Synchrotron Devices

Abstract

The fourth generation synchrotron source has added several prominent features to light sources, such as ultrahigh brilliance, spectral tunability, coherence, stability, high intensity, monochromaticity, high degree of collimation and wavelength in the range from the vacuum ultraviolet to hard X-rays (from lower emittance rings) and a short wavelength, free electron laser (FEL) using both rings (10–50 ps pulses) and linear accelerator (linacs, sub picosecond pulses) as drivers. Furthermore, the energy of the emitted beam could be tuned to obtain signals with a high signal to noise ratio in a addition to a high degree of polarization of the photon beam in the plane of the electron orbit enabling placing a detector at 90° to the plane of the electron orbit to reduce the background signal, thereby improving the detection limits substantially.
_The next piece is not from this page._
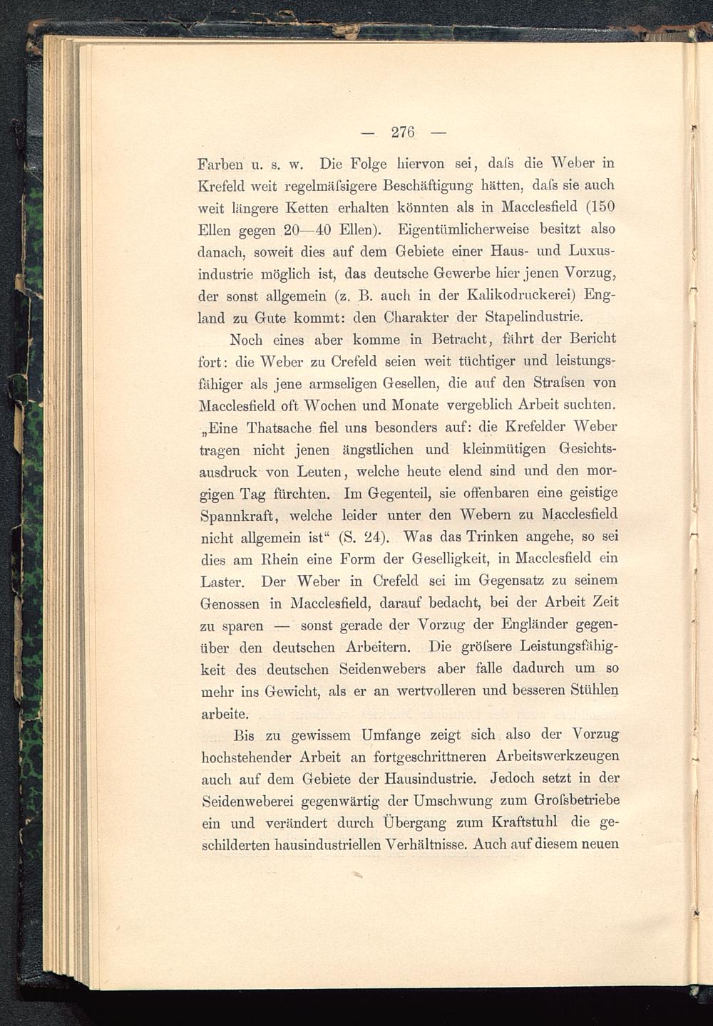 Farben u. s. w. Die Folge hiervon sei, dafs die Weber inKrefeld weit regelmäfsigere Beschäftigung hätten, dafs sie auchweit längere Ketten erhalten könnten als in Macclesfield (150Ellen gegen 20—40 Ellen). Eigentümlicherweise besitzt alsodanach, soweit dies auf dem Gebiete einer Haus- und Luxus-industrie möglich ist, das deutsche Gewerbe hier jenen Vorzug,der sonst allgemein (z. B. auch in der Kalikodruckerei) Eng-land zu Gute kommt: den Charakter der Stapelindustrie.
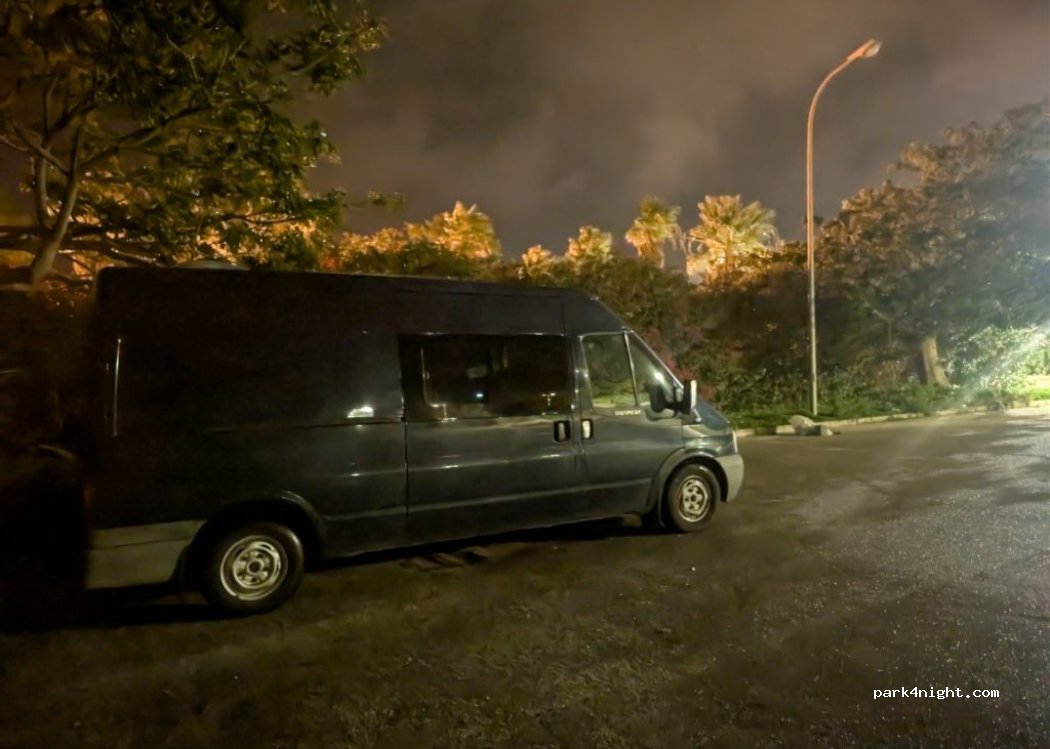 Sencillo y relativamente plano. Semiiluminado. No presenta ningún problema para autocaravanas largas. No hay ninguna señalización. Lo utilizamos porque necesitábamos algo de refugio de los fuertes vientos en temporada baja. No tengo idea de si es posible aparcar aquí en verano.

SR based (X-rays) characterization techniques include SR-X ray fluorescence (SRXRF), X-ray powder diffraction (XRPD), X-ray absorption spectroscopy (XAS), small and wide-angle X-ray scattering (SAXS and WAXS), X-ray photoelectron spectroscopy (XPS), grazing incidence XRD (GIXRD), and X-ray micro- or nano-probes. 116 keV or higher energy X-rays are most suitable even exciting K emission lines of U, rare earths, and several heavy elements. SR XRF is used for geological, geochemical, and archaeological samples.